To create a believable President Barack Obama speech generator in R using a selection of his speeches, addresses, and interviews as training data.
✭ While generating speech via randomly sampled blocks of text from the provided documents is, technically, a valid approach (albeit not an impressive one), the caveat is that each block must not be longer than one sentence.
To train your algorithms, we have prepared 8 text documents containing a selection of Obama’s words from various speeches and interviews. The documents are available as a 82KB ZIP archive.
Each submission must be emailed to Mikhail Popov (mikhail@mpopov.com) by 11:59pm on May 20th as a single R script that, when run, will use the documents we provided (above) to create a self-contained function speech
. This function must generate a n sentences-long Obama speech.
speech
must not rely on any objects outside of it. All objects that are not speech
will be removed from the global environment before speech
is used to generate text. See instructions below for creating a self-contained function.
speech(3)
## [1] "There are only so many shortcuts."
## [2] "Ultimately, we have to change the law."
## [3] "And people have to remain focused on that."
The submissions will be evaluated by the Pittsburgh useR group organizers (for code readability, performance, and memory usage) and competing teams (blind peer review).
Code Readability (5%)
All submissions will be uploaded to the Pittsburgh useR group repository on GitHub for groups members to learn from, so formatting and commenting are important. See Hadley Wickham’s style guide for suggestions on writing readable R code.
Note: participants may request to have their submission published anonymously.
Training Performance (15%)
We will measure the speed of importing the provided documents, cleaning up and manipulating the data, and training the algorithm.
Memory Usage (15%)
A more compact speech
object will score higher.
Data Generative Performance (15%)
We will measure the speed of generating a speech.
Blind Peer Review (50%)
The most important deciding factor will be the competing teams themselves. We will generate a short speech using the same seed for each group. Each generated text will be run through a text-to-speech engine and saved as a randomly numbered mp3 file. The audio files will be sent out to the teams who will rank them from least believable to most believable, without knowing which audio file belongs to which team.
A one (1) year subscription to shinyapps.io Standard Edition (a $1,100 value): Unlimited Applications, 1,000 Active Hours, Authentication, Multiple Instances, and Email Support.

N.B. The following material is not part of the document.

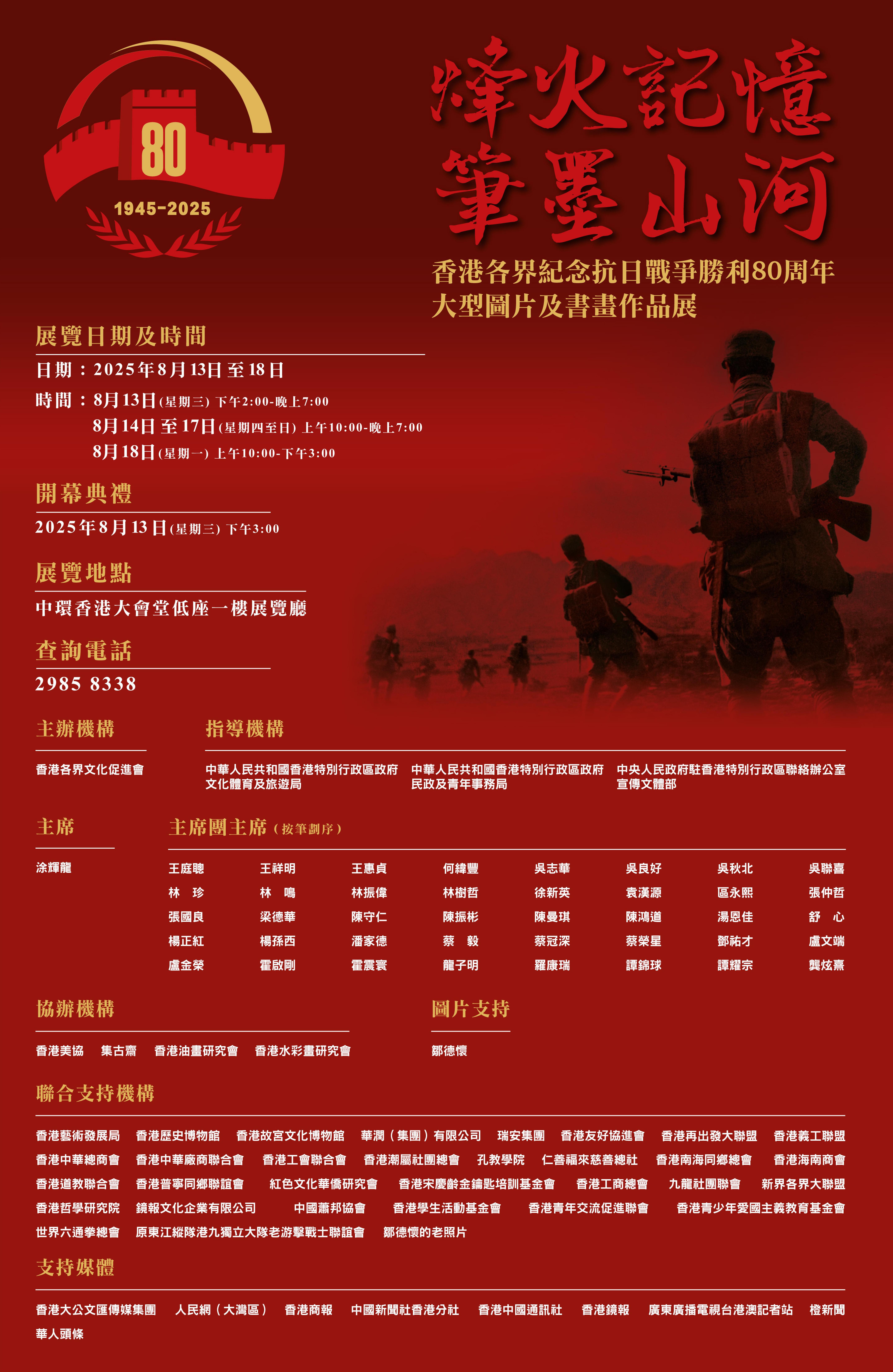 大公文匯全媒體報道,回顧抗戰歷史,弘揚愛國精神。烽火記憶 筆墨山河——香港各界紀念抗日戰爭勝利80周年大型圖片及書畫作品展開幕典禮今日(13日)舉行,展覽將於8月13日至18日展出一眾藝術家之作品,當中包括香港當代藝術家董慧的《彈孔裏的抗聯記憶》。特區政府文化體育及旅遊局局長羅淑佩、中央政府駐港聯絡辦副主任劉光源、香港各界文化促進會主席涂輝龍等出席。

Runners up will get a variety of prizes, including Hands-On Programming with R by Garrett Grolemund.
RStudio is a trademark of RStudio, Inc.
We received a single submission from Taylor Pospisil and Lee Richardson, which can be found at https://github.com/Pittsburgh-useR-Group/RObama/tree/master/submission.
You can use the following template and accompanying example for creating a function that contains all the data and models it needs:
make <- function(Object1,Object2) {
force(Object1)
force(Object2)
return(function(n=NULL) {
obj1 <- get('Object1',environment())
obj2 <- get('Object2',environment())
str(obj1)
str(obj2)
ls()
})
}
Let’s see it in action:
set.seed(0)
str(x <- rnorm(10))
## num [1:10] 1.263 -0.326 1.33 1.272 0.415 ...
str(y <- rnorm(10))
## num [1:10] 0.764 -0.799 -1.148 -0.289 -0.299 ...
speech <- make(x,y)
rm(x,y,make)
ls()
## [1] "speech"
speech()
## num [1:10] 1.263 -0.326 1.33 1.272 0.415 ...
## num [1:10] 0.764 -0.799 -1.148 -0.289 -0.299 ...
## [1] "n" "obj1" "obj2"